Add a stateful OutputResampler that buffers native PCM and emits each
output sample only once its sinc window is fully covered, flushing the
tail on finish(). A stable sample's window is identical whether computed
on the prefix or the full buffer, so concatenating every process() result
+ finish() is bit-for-bit identical to resampling the whole utterance
once: the streamed output now equals the batch resample, with no seams
and no drift, while result.pcm == concat(chunks) still holds.
- voice_features: OutputResampler (passthrough when target is 0/native)
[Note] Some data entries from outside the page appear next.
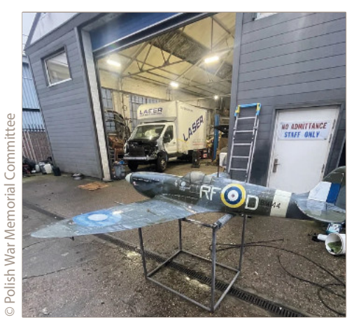
The Spitfire undergoing restoration

The Spitfire Memorial that was on the site has been temporarily moved by The Polish War Memorial Committee for refurbishment. The intricate and detailed restoration is expected to take several months and as it is a locally listed monument it is expected to be returned to The Orchard in due course. The RRA will keep you notified of any developments. You can find more details on our website at:
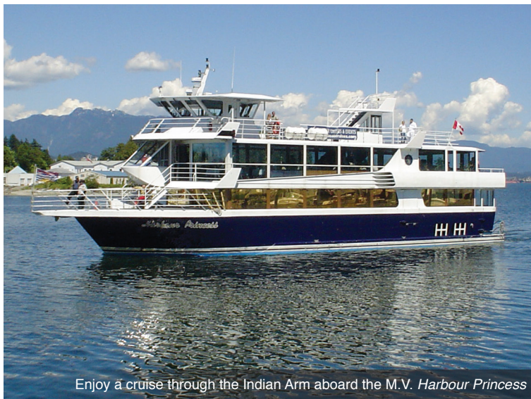
Enjoy a cruise through the Indian Arm aboard the M.V. Harbour Princess

DAY 8 Return Home: Following breakfast, depart Canada with a transfer to the Vancouver Airport for flights out today. Meal: B
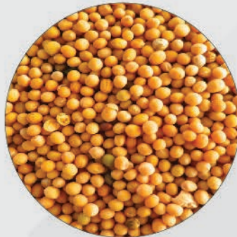
Mustard - Yellow
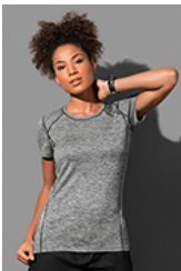
ST8940 Recycled Sports-T Reflect
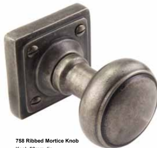
758 Ribbed Mortice Knob Knob 50mm dia Square rose 55mm sq Available in all finishes
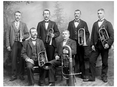
1909 Åtvid. Sextet
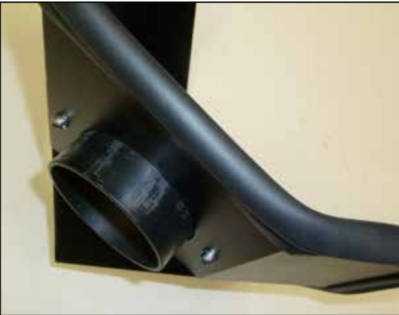
8. Install the filter adapter into the heat shield and secure with the provided hardware.
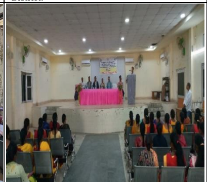
Legal Awareness Programme in collaboration with NCW by TLSC Kuchinda of Sambalpur District.
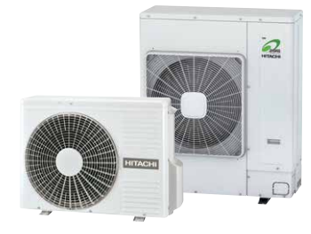
Outdoor Units (RAS-3 / RAS-4)
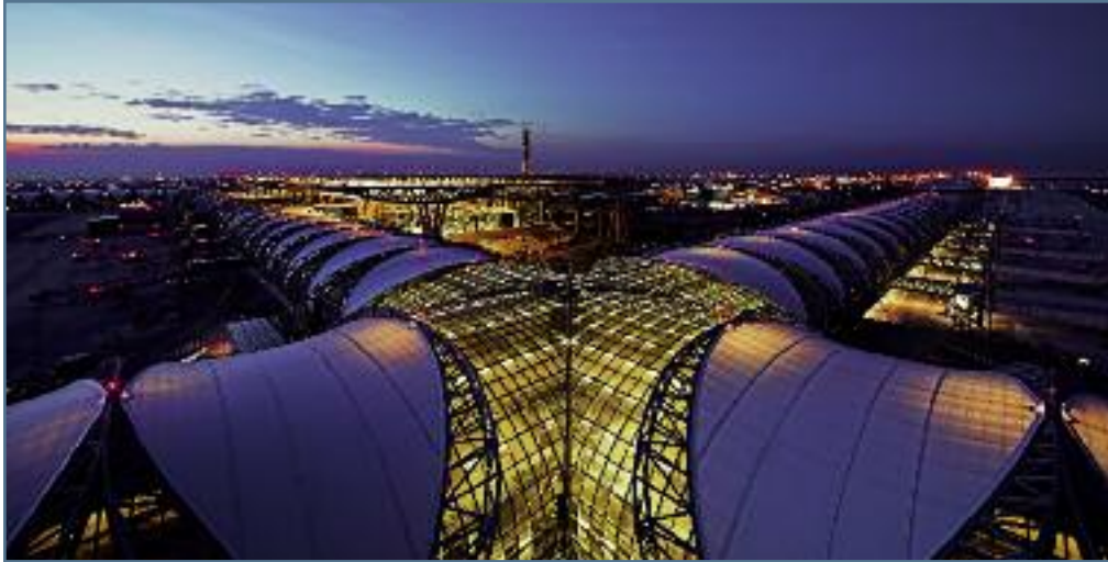
Suvarnabhumi Airport-Bangkok Airport Location: Bangkok, Thailand Products: Sungate® 500 Glass Architect: Murphy Jahn Glass Fabricator: PMK Central Glass Co., Ltd.
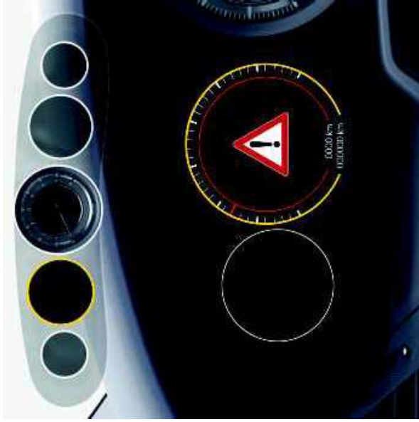
Fig. 142: Collision warning on the instrument cluster The collision warning warns the driver by means of a warning tone and a symbol on the instrument cluster.
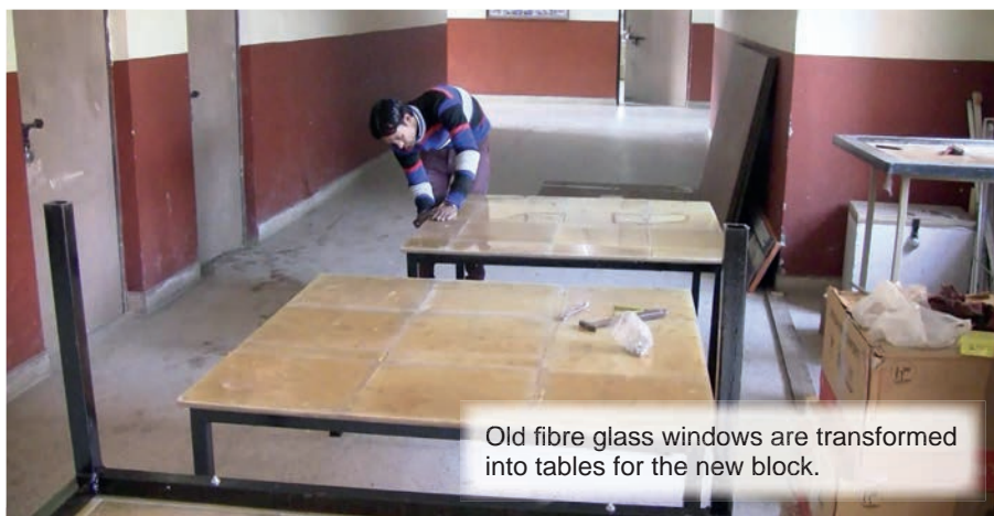
Old fibre glass windows are transformed into tables for the new block.
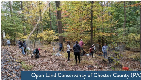
Open Land Conservancy of Chester County (PA)

- chatterbox::Engine streaming: one utterance-spanning resampler
- tts-cli streaming->stdout: same resampler, with inter-segment silence
fed through it so it lands in order; fix the stale "@ 24 kHz" banner
- engine.h: correct the "resampled independently / inaudible" comment
- test_resample: model-free checks that streamed == batch (bit-exact) for
misaligned / trim-faded / hostile-rate (11025) chunkings + passthrough
Verified: test-resample (24 checks) passes; the MTL-gated
test-output-sample-rate passes on real GGUFs; tts-cli streaming to a file
vs to stdout at 16 kHz now produce byte-identical PCM.
* QVAC-21483 fix: address review — Supertonic streaming output-rate batch-exact + engine coverage
Resolves GustavoA1604's review on PR #69:
1. supertonic_engine.cpp: run_single_chunk now returns NATIVE PCM. Batch
synthesize() resamples the whole utterance once at the end; streaming
synthesize_streaming() drives a single utterance-spanning OutputResampler
(seam-fade moved to the native domain). Per-chunk resampling restarted the
output grid at every chunk edge and injected seams + length drift at
non-native rates — this mirrors chatterbox::Engine so streamed output is
bit-identical to the batch resample.
2. supertonic_cli.cpp: validate --output-sample-rate at parse time against
kOutputSampleRateMin/Max (throws -> clean "error:" + exit 2), matching
chatterbox_cli / tts-cli instead of aborting later at the engine ctor.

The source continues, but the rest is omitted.